## Dataset extract
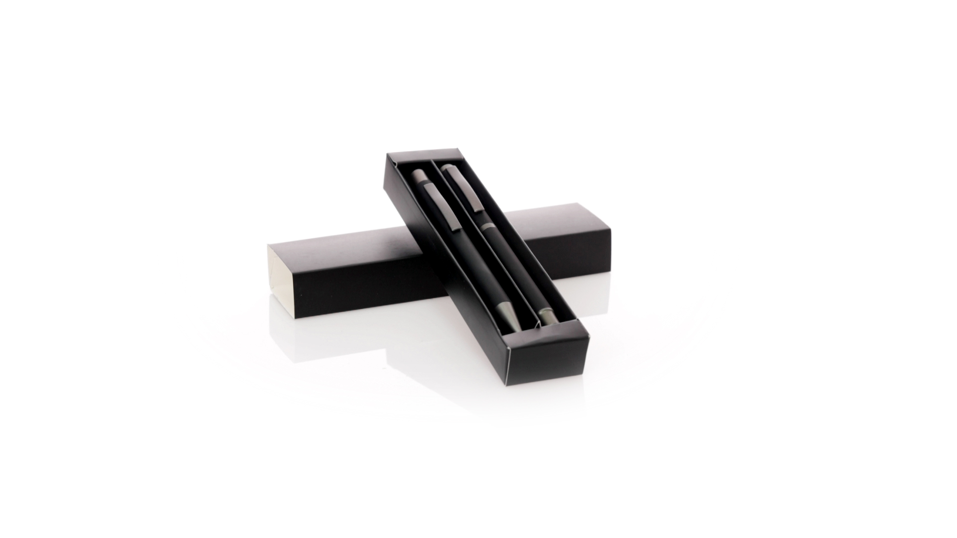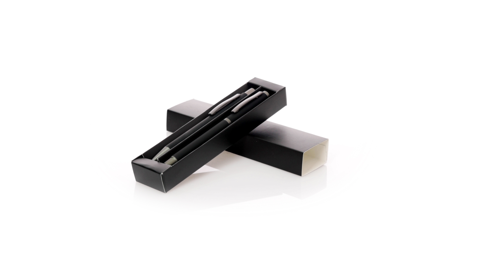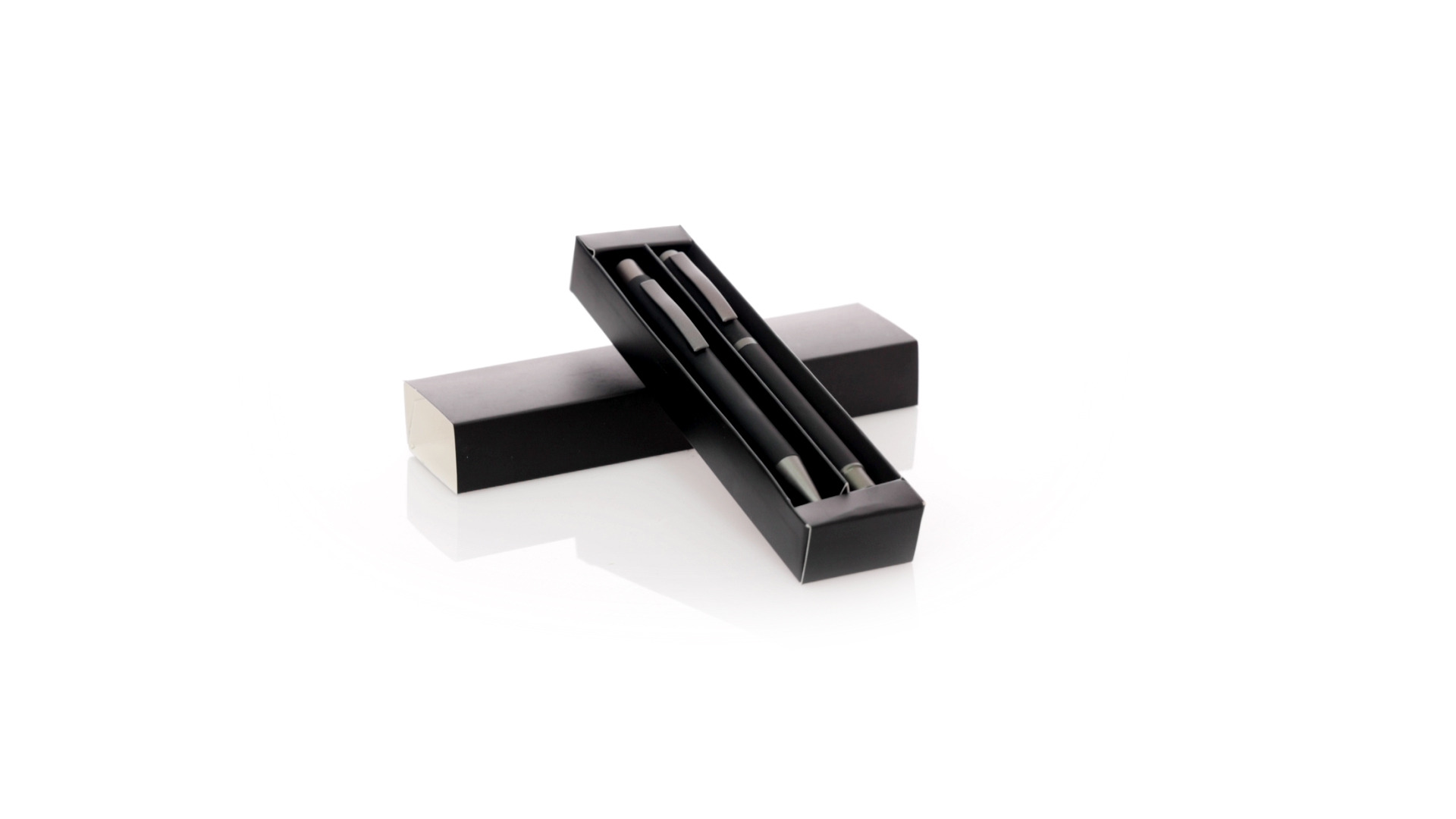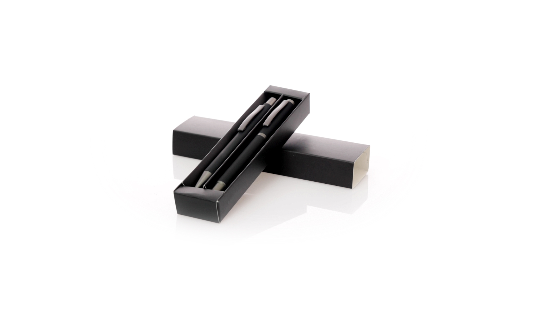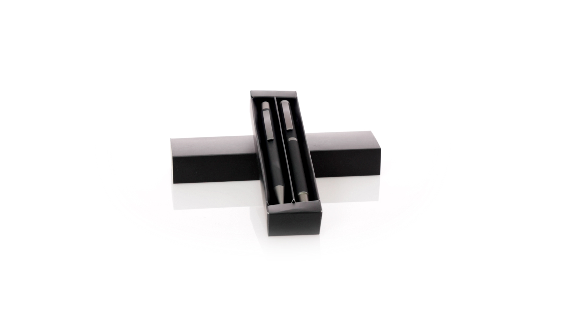 Stilvolles Kugelschreiber- und Tintenroller-Set. Druckkugelschreiber und Tintenroller mit Kappe, beide mit Metallclip, Jumbo-Mine und blauer Tinte. Schaft in verschiedenen Volltonfarben, mit gummierter Oberfläche und dunkelgrauen Metallic-Akzenten. Präsentiert in einem farblich passenden Etui mit einem ausgestanzten Fach für jedes Teil.
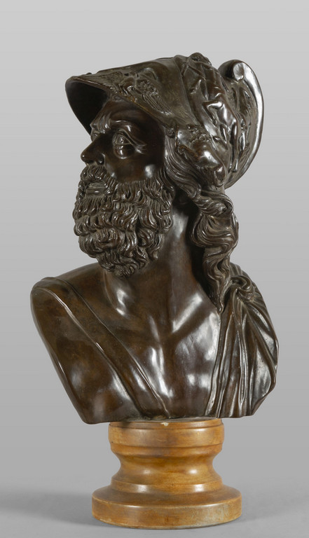 Busto di Aiace, scultura in bronzo, base in marmo, f.to
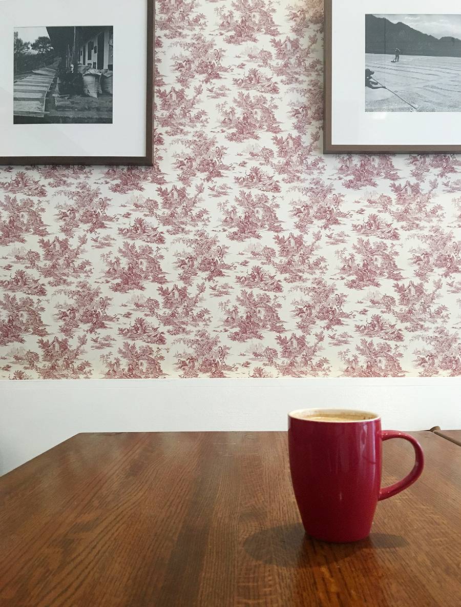 9. Pick a color scheme and stick with it. Neighborhoods Café in Boston chose to go with a dark red color scheme, and they were consistent with it – from the toile wallpaper to the coffee mugs. This would be a nice touch for your kitchen as well… coordinate your dishware with the main color in the room to create a composed feel.

## Task instructions
Repeat every line above exactly, but omit all images.

## Solution to the problem
 Stilvolles Kugelschreiber- und Tintenroller-Set. Druckkugelschreiber und Tintenroller mit Kappe, beide mit Metallclip, Jumbo-Mine und blauer Tinte. Schaft in verschiedenen Volltonfarben, mit gummierter Oberfläche und dunkelgrauen Metallic-Akzenten. Präsentiert in einem farblich passenden Etui mit einem ausgestanzten Fach für jedes Teil.
 Busto di Aiace, scultura in bronzo, base in marmo, f.to
 9. Pick a color scheme and stick with it. Neighborhoods Café in Boston chose to go with a dark red color scheme, and they were consistent with it – from the toile wallpaper to the coffee mugs. This would be a nice touch for your kitchen as well… coordinate your dishware with the main color in the room to create a composed feel.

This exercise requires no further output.